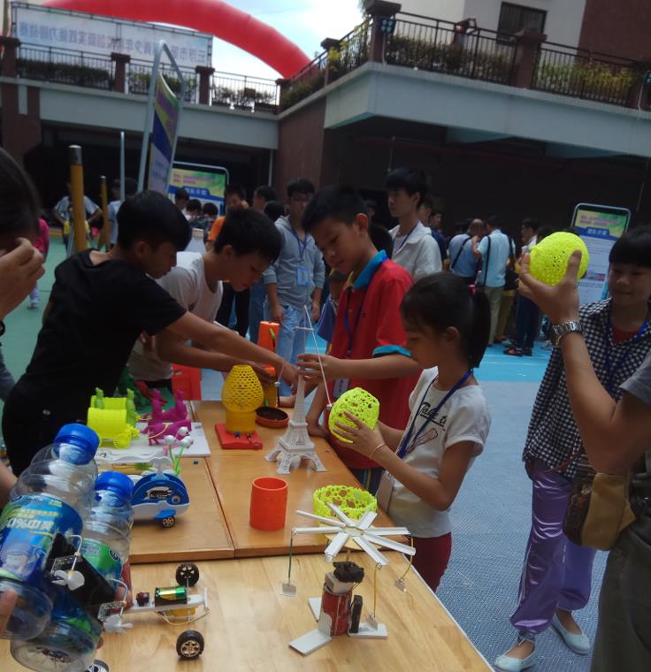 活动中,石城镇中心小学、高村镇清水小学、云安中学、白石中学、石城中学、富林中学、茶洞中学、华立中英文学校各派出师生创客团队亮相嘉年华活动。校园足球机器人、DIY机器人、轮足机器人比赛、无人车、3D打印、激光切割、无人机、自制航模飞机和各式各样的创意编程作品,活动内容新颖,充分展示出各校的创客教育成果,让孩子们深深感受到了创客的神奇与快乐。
# # # # # # #
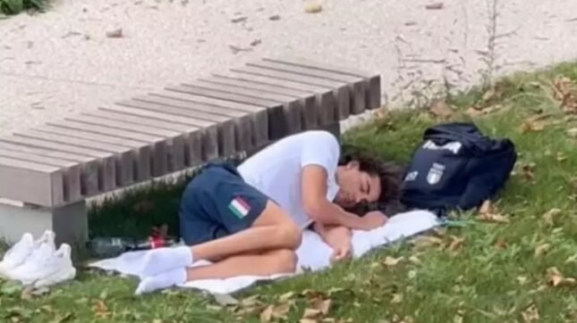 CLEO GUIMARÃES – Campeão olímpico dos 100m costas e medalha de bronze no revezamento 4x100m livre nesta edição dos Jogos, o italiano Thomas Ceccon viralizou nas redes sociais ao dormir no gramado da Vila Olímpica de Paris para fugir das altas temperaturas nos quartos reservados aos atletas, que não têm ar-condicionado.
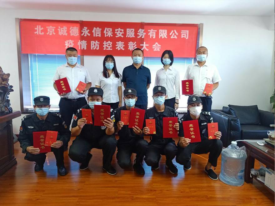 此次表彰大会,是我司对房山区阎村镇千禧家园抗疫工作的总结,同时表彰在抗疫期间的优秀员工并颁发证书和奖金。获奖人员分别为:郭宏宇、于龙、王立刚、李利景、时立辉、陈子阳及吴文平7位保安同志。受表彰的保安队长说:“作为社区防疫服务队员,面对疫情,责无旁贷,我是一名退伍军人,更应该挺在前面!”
# # # # # # #
Task description – Starting at the line with "CLEO GUIMARÃES –" in the entries above, write out every line exactly until the line with "此次表彰大会,是我司对房山区" has been written. Include no pictures and nothing more.

Exercise solution –
 CLEO GUIMARÃES – Campeão olímpico dos 100m costas e medalha de bronze no revezamento 4x100m livre nesta edição dos Jogos, o italiano Thomas Ceccon viralizou nas redes sociais ao dormir no gramado da Vila Olímpica de Paris para fugir das altas temperaturas nos quartos reservados aos atletas, que não têm ar-condicionado.
 此次表彰大会,是我司对房山区阎村镇千禧家园抗疫工作的总结,同时表彰在抗疫期间的优秀员工并颁发证书和奖金。获奖人员分别为:郭宏宇、于龙、王立刚、李利景、时立辉、陈子阳及吴文平7位保安同志。受表彰的保安队长说:“作为社区防疫服务队员,面对疫情,责无旁贷,我是一名退伍军人,更应该挺在前面!”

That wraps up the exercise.